Für das Wildtierwohl nah an den Bedürfnissen der Menschen

Hier setzt das WWF-Projekt an: Geht es den Menschen besser, kann es auch den Wildtieren und der Natur besser gehen. Im Zuge des Ende 2021 gestarteten Projekts in Namibia, Sambia und Simbabwe erhalten Menschen Unterstützung, ihre Existenzgrundlagen zu sichern und diese schonend vor Wildtieren zu schützen.

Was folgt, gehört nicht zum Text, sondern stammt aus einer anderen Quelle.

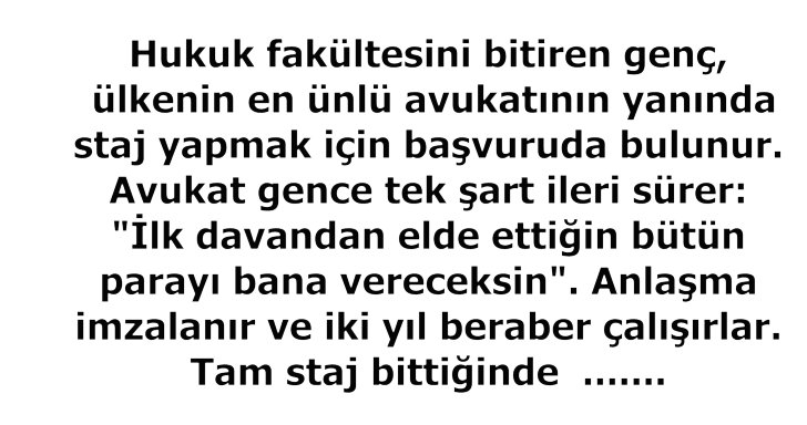 Hukuk fakültesini bitiren genç, ülkenin en ünlü avukatının yanında staj yapmak için başvuruda bulunur. Avukat gence tek şart ileri sürer: “İlk davandan elde ettiğin bütün parayı bana vereceksin”. Anlaşma imzalanır ve iki yıl beraber çalışırlar. Tam staj bittiğinde genç anlaşmayı haksız bulduğunu, ilk davadan kazandığı parayı ona vermeyeceğini açıklar. Avukat tazminat talebi ile mahkemeye başvurur.

Das Projekt baut auf dem auf, was wir gelernt haben“, sagt Brit Reichelt-Zolho, WWF-Expertin für das südliche und östliche Afrika. „Wir schulen Kleinbauernfamilien in agrarökologischem Anbau mit dem Ziel, nicht nur die Erträge zu erhöhen, sondern auch die Bodenfruchtbarkeit zu erhalten, sodass sie nicht ständig neue Felder erschließen müssen.“ Daneben lernen Viehzüchter:innen, wie sie ihre Tiere besser gesund halten und ihre Weideflächen verbessern. Bohrlöcher reduzieren Mensch-Wildtier-Konflikte da sie fern ab von Wildtieren eine alternative Tränke für Nutztiere darstellen „Unser Projekt kommt insgesamt 2.300 Kleinbauernfamilien und 225 Nutztierhaltenden im KAZA-Gebiet Namibias, Sambias und Simbabwes zugute. Dabei fördern wir ausschließlich Menschen, die ihre Felder und Weiden außerhalb der Schutzgebiete und Wildtierrouten haben.“

Schutz der Ernten und Nutztiere

Elektrozaungerät © Brit Reichelt-Zolho / WWF
Elektrozaungerät © Brit Reichelt-Zolho / WWF

Für den Schutz ihrer Lebensgrundlagen haben die Menschen in der KAZA-Region bereits viele kreative Ideen entwickelt, auf die die neuen Teilnehmenden zurückgreifen können.

Die WWF-Projekt-Verantwortliche Brit Reichelt-Zolho erinnert sich an einige Maßnahmen, die ihr Kleinbauern während ihrer Reise ins Projektgebiet im Sommer 2022 vorführten: „Um die Toleranz gegenüber Raubtieren in der Nachbarschaft zu erhöhen, bewähren sich unter anderem blickdichte Nutztierzäune, in denen Rinder nachts untergebracht werden. Löwen können sie zwar riechen, aber nicht sehen und greifen nicht an. Einfache Umzäunungen der Felder mit kostengünstigen solar- und batteriebetriebenen Elektrodrähten schaffen es, die Ernten vor Elefanten zu schützen. Gleichzeitig organisieren sich Freiwillige vor Ort als Löwenwächter:innen oder Wildhüter:innen, die in ihrer Gegend nach Wildtieren Ausschau halten. Kommen diese nah an die Gebiete der Menschen, schlagen die Freiwilligen Alarm, damit die Menschen ihre Felder oder Nutztiere schützen können. Um Elefanten schonend zu verscheuchen, sind Chili-Bomben beliebt. Dung von Elefanten wird mit Chili angereichert und dann als eimergroße „Bomben” um die Felder platziert und angezündet. Der beißende Geruch ist für Elefanten so unangenehm, dass sie Reißaus nehmen.“

Der WWF kombiniert diese Maßnahmen immer mit der Aufklärung der Menschen rund um den Schutz von Wildtieren und ihren Lebensräumen und arbeitet dabei häufig mit lokalen Organisationen zusammen.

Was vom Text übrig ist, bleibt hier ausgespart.